The east Contra Costa County city of some 60,000 held a marathon study session Monday evening, the same day Attorney General Jeff Sessions vowed to withhold grants to municipalities that refuse to cooperate with immigration enforcement.

"I am here with hundreds if not thousands of people who are not afraid anymore," declared Arturo Fernandez, among dozens of people who lined up to speak to the Pittsburg city council on the issue.

"This will only encourage persons to come here illegally," said another speaker, opposed to the sanctuary status. 

It was an overflow crowd, with a viewing area and monitor set up outside the council chambers and another a floor below, with Spanish translation.

The session began with police reiterating: they don't ask for documentation, ever.

"Our role is not to enforce immigration laws. We don't intend to start enforcing immigration laws," said Police Chief Brian Addington, while admitting the climate is changing.

"ICE has been in our community and made an arrest just within the past two weeks, and it's the first time that's happened, to our knowledge, in years," he informed the crowd.

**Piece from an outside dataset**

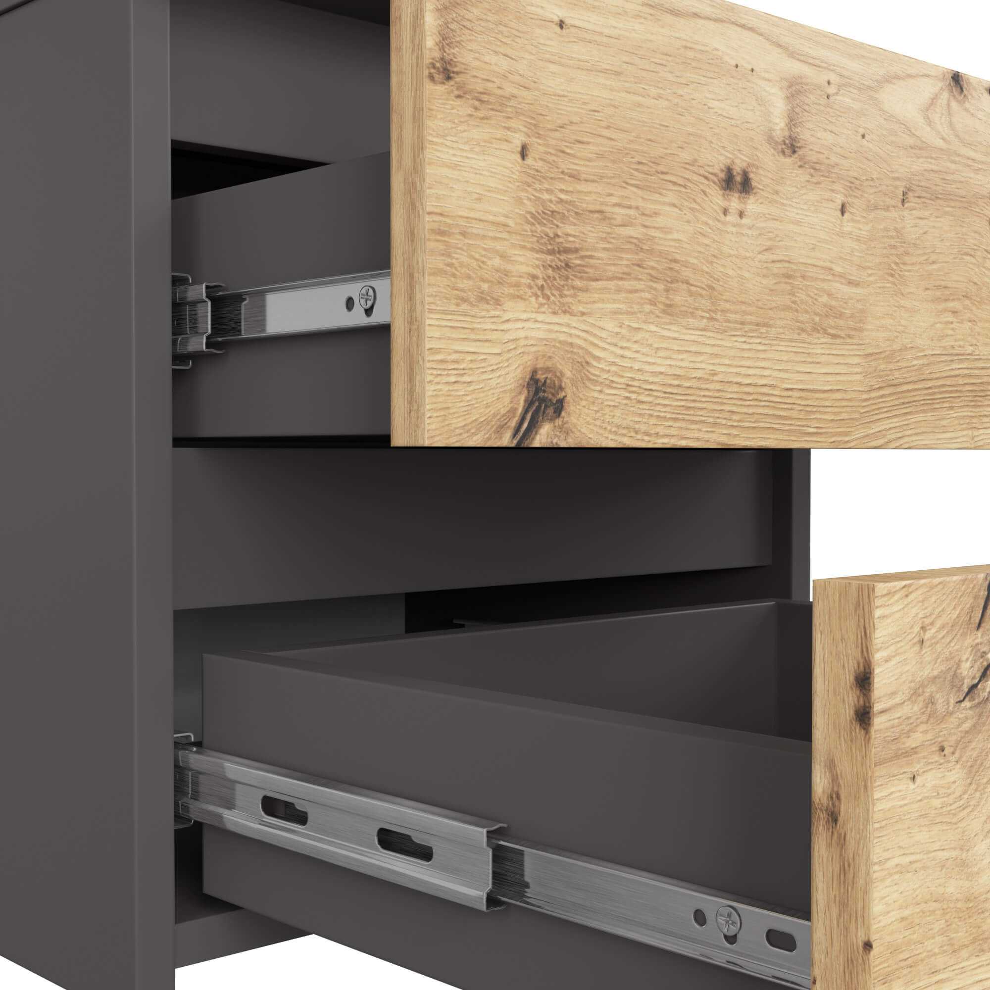V naší nabídce je noční stolek CL2 v grafitově šedé barvě s čely v dekoru dub artisan.

Fernandez, a U.C. Berkeley grad student who was born in Mexico but raised in Pittsburg since infancy, has collected a few hundred signatures on a petition urging adoption of a sanctuary resolution.

"If these are our values, if this is a policy that already exists, all we're asking is we codify it," he declared. 

But the council decided to move cautiously, looking at approximately $60 million the city has received in federal funds and grants over the past four years.

The money is spent on everything from housing subsidies to street repair, code enforcement to crime fighting, plus keeping a dozen non-profit agencies afloat.

"The short term risk of sanctuary is an immediate loss of funds," said Pittsburg city attorney Ruthann Ziegler, "and the long term risk is unknown.

Around town, the sanctuary issue has people talking.

"If somebody is a criminal or on drugs or whatever, then yes, take them and deport them," restaurant owner Johny Khalilieh told KTVU.

Khalilieh came to the U.S. as a student, earning advanced degrees in mathematics, and becoming a citizen.

He teaches college math, in addition to running his Italian restaurant, and he believes anyone who lives peaceably should be protected.

"We have a diverse culture here in Pittsburg. Everybody watches for each other. And I would hate to see some of my customers disappear," Khalilieh added.

Many in the city hall crowd, though, spoke harshly of the sanctuary concept, as unfair, even undemocratic. 

"This is a distorted mindset and it shows a complete lack of respect for the law," opponent Joey Foster told the council. "This cannot go unchallenged by citizens."

After a marathon four hour session, the council members directed staff to draft a letter of support for sanctuary principles, but shelve the notion of a formal declaration.